---------- MATERIAL FOR THE TASK

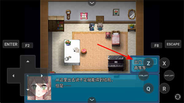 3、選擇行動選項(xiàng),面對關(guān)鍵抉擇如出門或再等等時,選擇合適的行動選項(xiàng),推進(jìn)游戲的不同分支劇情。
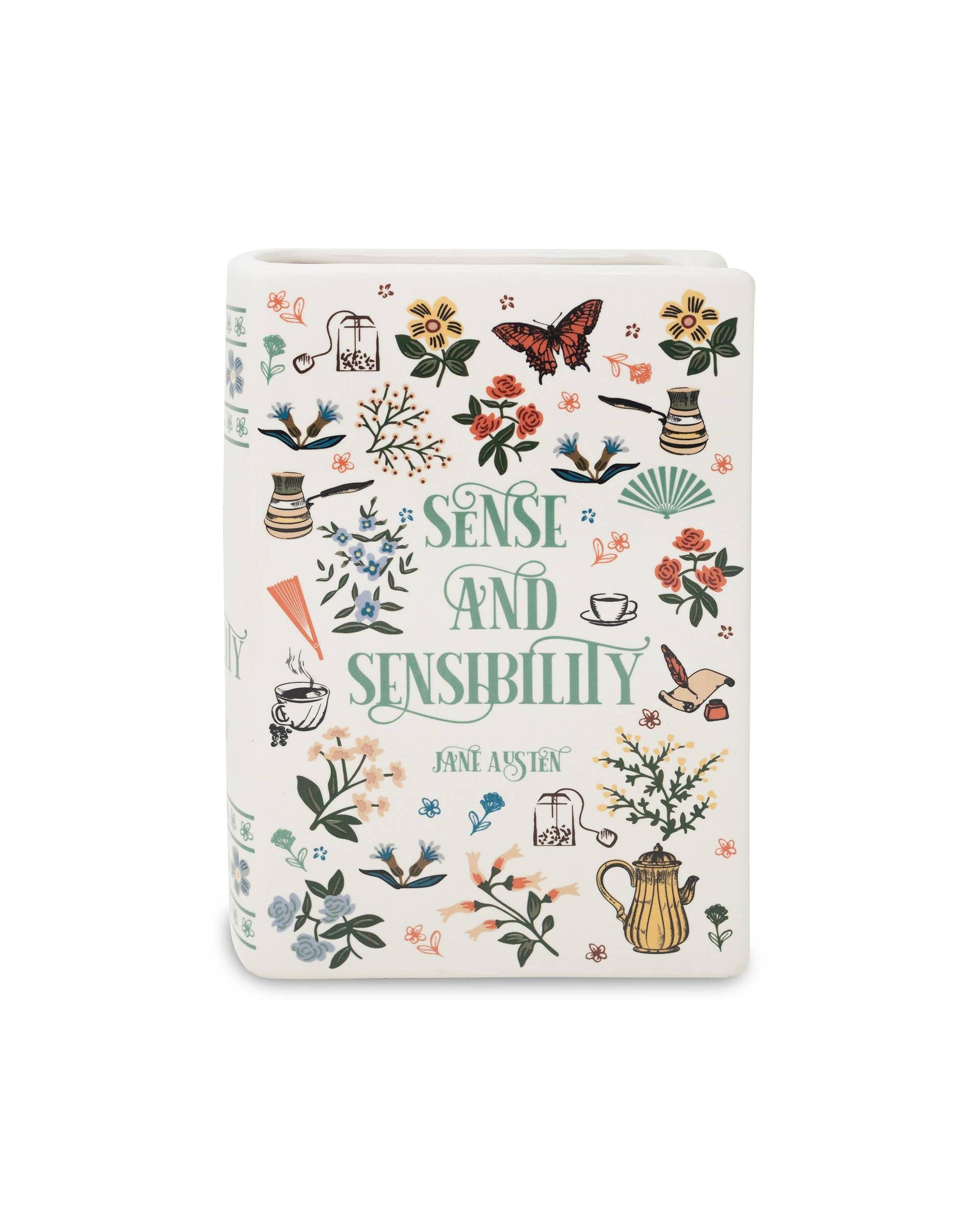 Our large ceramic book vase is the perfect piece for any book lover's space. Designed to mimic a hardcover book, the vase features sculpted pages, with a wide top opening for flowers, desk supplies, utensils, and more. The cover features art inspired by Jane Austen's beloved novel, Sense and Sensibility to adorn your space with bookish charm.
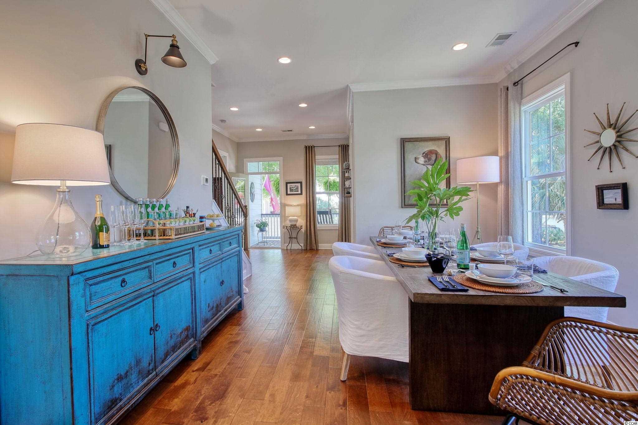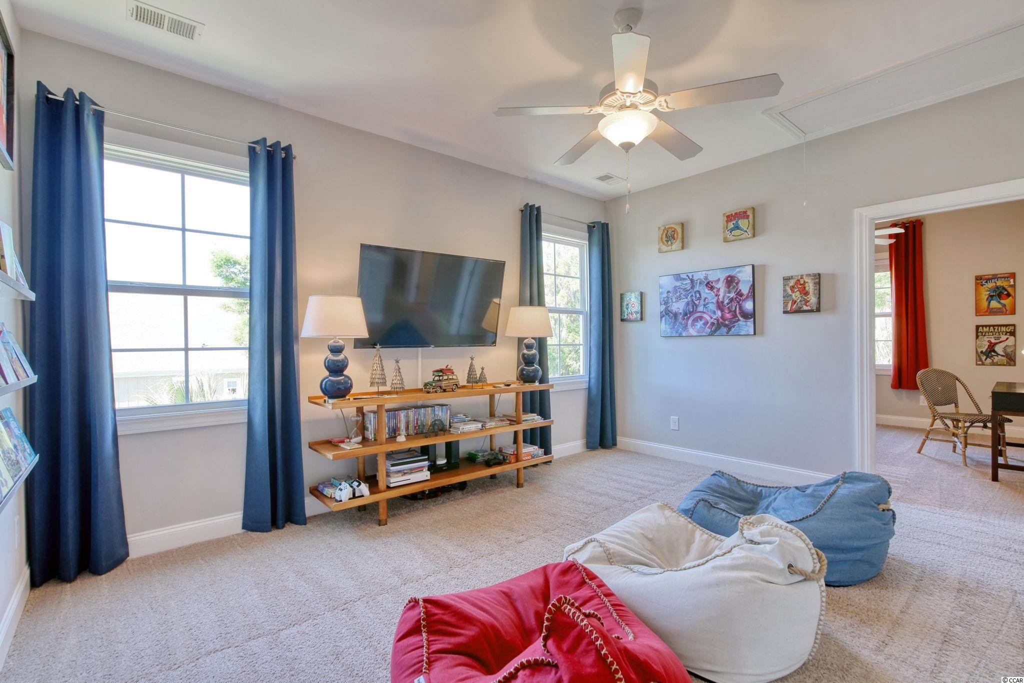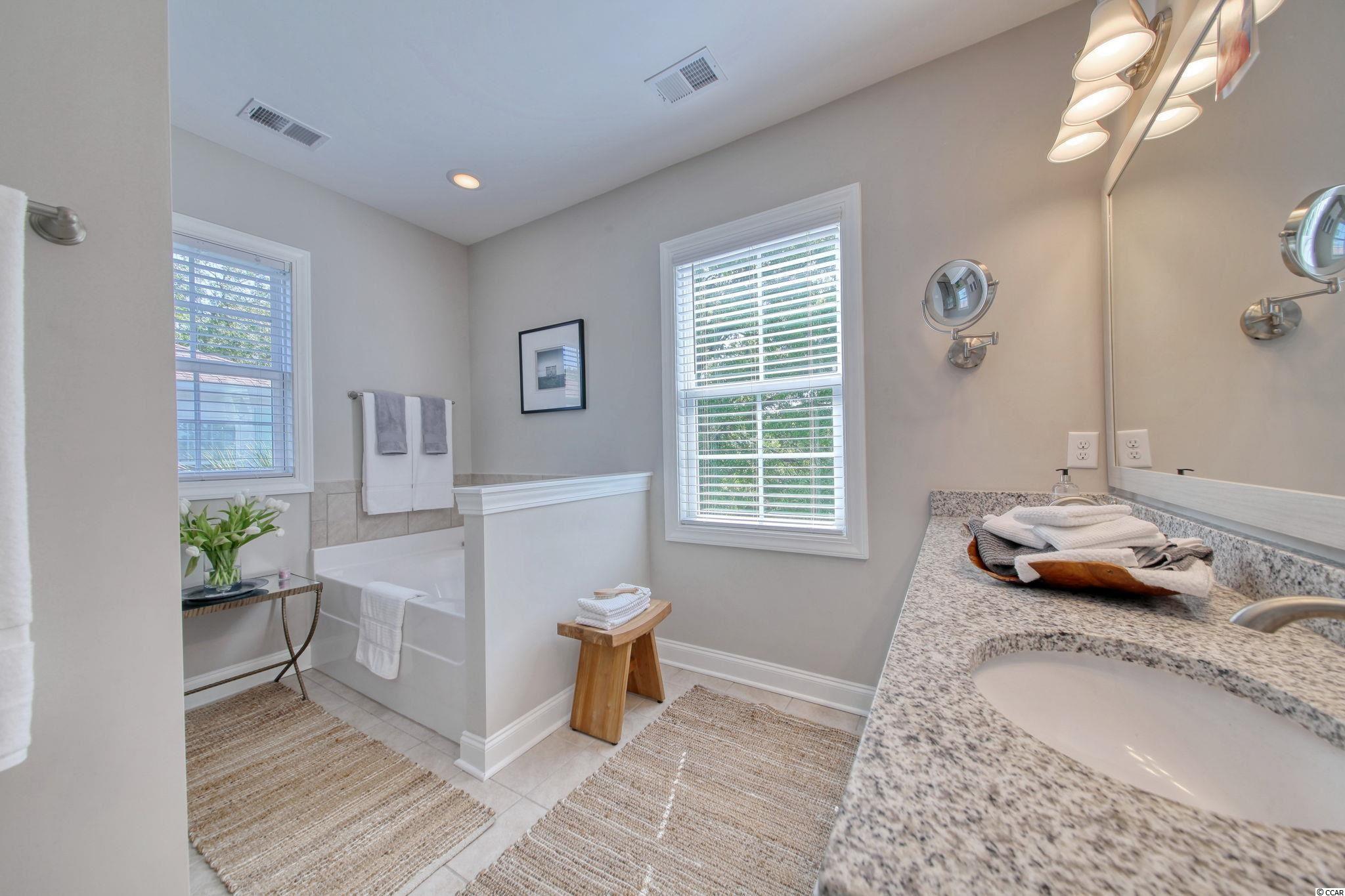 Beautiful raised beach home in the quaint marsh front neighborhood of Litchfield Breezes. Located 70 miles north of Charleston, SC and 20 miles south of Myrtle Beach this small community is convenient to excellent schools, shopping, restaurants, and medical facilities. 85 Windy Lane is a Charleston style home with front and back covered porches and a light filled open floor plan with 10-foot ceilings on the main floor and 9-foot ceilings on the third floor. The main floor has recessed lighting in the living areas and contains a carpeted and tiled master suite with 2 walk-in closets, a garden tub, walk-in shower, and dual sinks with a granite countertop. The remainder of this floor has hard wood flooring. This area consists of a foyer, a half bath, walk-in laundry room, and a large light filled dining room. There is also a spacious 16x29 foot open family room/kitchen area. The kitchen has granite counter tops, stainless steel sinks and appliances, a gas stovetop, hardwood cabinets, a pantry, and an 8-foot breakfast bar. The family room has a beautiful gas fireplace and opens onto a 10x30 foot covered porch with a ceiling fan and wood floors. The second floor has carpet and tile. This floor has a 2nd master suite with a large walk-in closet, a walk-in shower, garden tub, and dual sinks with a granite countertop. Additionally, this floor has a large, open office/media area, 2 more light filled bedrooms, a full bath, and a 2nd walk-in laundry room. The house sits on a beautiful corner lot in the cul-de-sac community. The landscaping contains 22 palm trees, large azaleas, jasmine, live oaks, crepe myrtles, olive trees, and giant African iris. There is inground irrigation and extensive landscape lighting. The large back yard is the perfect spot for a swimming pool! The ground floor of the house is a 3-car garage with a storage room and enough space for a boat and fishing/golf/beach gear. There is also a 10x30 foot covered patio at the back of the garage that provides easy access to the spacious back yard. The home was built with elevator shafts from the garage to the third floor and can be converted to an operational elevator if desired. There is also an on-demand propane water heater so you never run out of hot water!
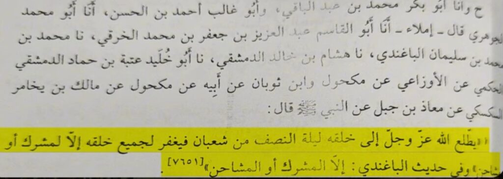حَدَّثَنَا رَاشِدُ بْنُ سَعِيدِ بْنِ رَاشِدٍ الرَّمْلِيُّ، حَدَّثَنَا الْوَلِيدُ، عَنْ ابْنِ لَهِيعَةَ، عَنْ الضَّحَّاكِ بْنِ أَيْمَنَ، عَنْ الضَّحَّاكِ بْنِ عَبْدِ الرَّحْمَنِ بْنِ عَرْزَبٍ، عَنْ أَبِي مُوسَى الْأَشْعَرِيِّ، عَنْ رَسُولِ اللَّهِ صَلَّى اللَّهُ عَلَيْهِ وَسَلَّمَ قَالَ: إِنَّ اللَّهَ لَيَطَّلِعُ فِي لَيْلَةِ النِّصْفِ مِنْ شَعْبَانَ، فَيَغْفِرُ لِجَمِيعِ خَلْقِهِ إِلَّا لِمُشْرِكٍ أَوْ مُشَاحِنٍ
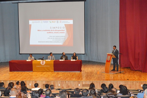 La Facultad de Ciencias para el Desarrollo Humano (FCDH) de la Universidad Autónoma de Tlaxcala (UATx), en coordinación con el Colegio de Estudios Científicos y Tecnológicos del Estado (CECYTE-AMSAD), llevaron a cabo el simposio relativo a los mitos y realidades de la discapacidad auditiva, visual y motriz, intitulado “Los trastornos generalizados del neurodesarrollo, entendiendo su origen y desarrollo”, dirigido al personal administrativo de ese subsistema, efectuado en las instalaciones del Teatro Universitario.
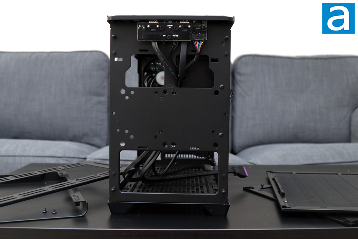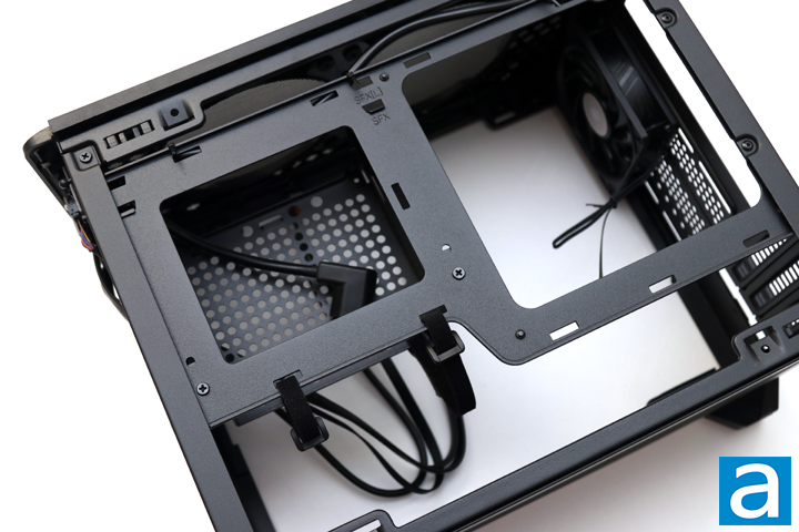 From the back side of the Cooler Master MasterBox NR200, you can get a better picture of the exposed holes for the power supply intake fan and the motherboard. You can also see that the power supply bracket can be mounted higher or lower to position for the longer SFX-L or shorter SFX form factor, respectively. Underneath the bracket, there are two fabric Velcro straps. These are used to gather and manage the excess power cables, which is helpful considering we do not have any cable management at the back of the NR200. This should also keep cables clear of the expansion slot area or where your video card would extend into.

--------------------

> _TASK INSTRUCTIONS_
The goal is an exact reprint of the entries, leaving out the pictures.

> _SOLVED PROBLEM_
 3、選擇行動選項(xiàng),面對關(guān)鍵抉擇如出門或再等等時,選擇合適的行動選項(xiàng),推進(jìn)游戲的不同分支劇情。
 Our large ceramic book vase is the perfect piece for any book lover's space. Designed to mimic a hardcover book, the vase features sculpted pages, with a wide top opening for flowers, desk supplies, utensils, and more. The cover features art inspired by Jane Austen's beloved novel, Sense and Sensibility to adorn your space with bookish charm.
 Beautiful raised beach home in the quaint marsh front neighborhood of Litchfield Breezes. Located 70 miles north of Charleston, SC and 20 miles south of Myrtle Beach this small community is convenient to excellent schools, shopping, restaurants, and medical facilities. 85 Windy Lane is a Charleston style home with front and back covered porches and a light filled open floor plan with 10-foot ceilings on the main floor and 9-foot ceilings on the third floor. The main floor has recessed lighting in the living areas and contains a carpeted and tiled master suite with 2 walk-in closets, a garden tub, walk-in shower, and dual sinks with a granite countertop. The remainder of this floor has hard wood flooring. This area consists of a foyer, a half bath, walk-in laundry room, and a large light filled dining room. There is also a spacious 16x29 foot open family room/kitchen area. The kitchen has granite counter tops, stainless steel sinks and appliances, a gas stovetop, hardwood cabinets, a pantry, and an 8-foot breakfast bar. The family room has a beautiful gas fireplace and opens onto a 10x30 foot covered porch with a ceiling fan and wood floors. The second floor has carpet and tile. This floor has a 2nd master suite with a large walk-in closet, a walk-in shower, garden tub, and dual sinks with a granite countertop. Additionally, this floor has a large, open office/media area, 2 more light filled bedrooms, a full bath, and a 2nd walk-in laundry room. The house sits on a beautiful corner lot in the cul-de-sac community. The landscaping contains 22 palm trees, large azaleas, jasmine, live oaks, crepe myrtles, olive trees, and giant African iris. There is inground irrigation and extensive landscape lighting. The large back yard is the perfect spot for a swimming pool! The ground floor of the house is a 3-car garage with a storage room and enough space for a boat and fishing/golf/beach gear. There is also a 10x30 foot covered patio at the back of the garage that provides easy access to the spacious back yard. The home was built with elevator shafts from the garage to the third floor and can be converted to an operational elevator if desired. There is also an on-demand propane water heater so you never run out of hot water!
حَدَّثَنَا رَاشِدُ بْنُ سَعِيدِ بْنِ رَاشِدٍ الرَّمْلِيُّ، حَدَّثَنَا الْوَلِيدُ، عَنْ ابْنِ لَهِيعَةَ، عَنْ الضَّحَّاكِ بْنِ أَيْمَنَ، عَنْ الضَّحَّاكِ بْنِ عَبْدِ الرَّحْمَنِ بْنِ عَرْزَبٍ، عَنْ أَبِي مُوسَى الْأَشْعَرِيِّ، عَنْ رَسُولِ اللَّهِ صَلَّى اللَّهُ عَلَيْهِ وَسَلَّمَ قَالَ: إِنَّ اللَّهَ لَيَطَّلِعُ فِي لَيْلَةِ النِّصْفِ مِنْ شَعْبَانَ، فَيَغْفِرُ لِجَمِيعِ خَلْقِهِ إِلَّا لِمُشْرِكٍ أَوْ مُشَاحِنٍ
 La Facultad de Ciencias para el Desarrollo Humano (FCDH) de la Universidad Autónoma de Tlaxcala (UATx), en coordinación con el Colegio de Estudios Científicos y Tecnológicos del Estado (CECYTE-AMSAD), llevaron a cabo el simposio relativo a los mitos y realidades de la discapacidad auditiva, visual y motriz, intitulado “Los trastornos generalizados del neurodesarrollo, entendiendo su origen y desarrollo”, dirigido al personal administrativo de ese subsistema, efectuado en las instalaciones del Teatro Universitario.
 From the back side of the Cooler Master MasterBox NR200, you can get a better picture of the exposed holes for the power supply intake fan and the motherboard. You can also see that the power supply bracket can be mounted higher or lower to position for the longer SFX-L or shorter SFX form factor, respectively. Underneath the bracket, there are two fabric Velcro straps. These are used to gather and manage the excess power cables, which is helpful considering we do not have any cable management at the back of the NR200. This should also keep cables clear of the expansion slot area or where your video card would extend into.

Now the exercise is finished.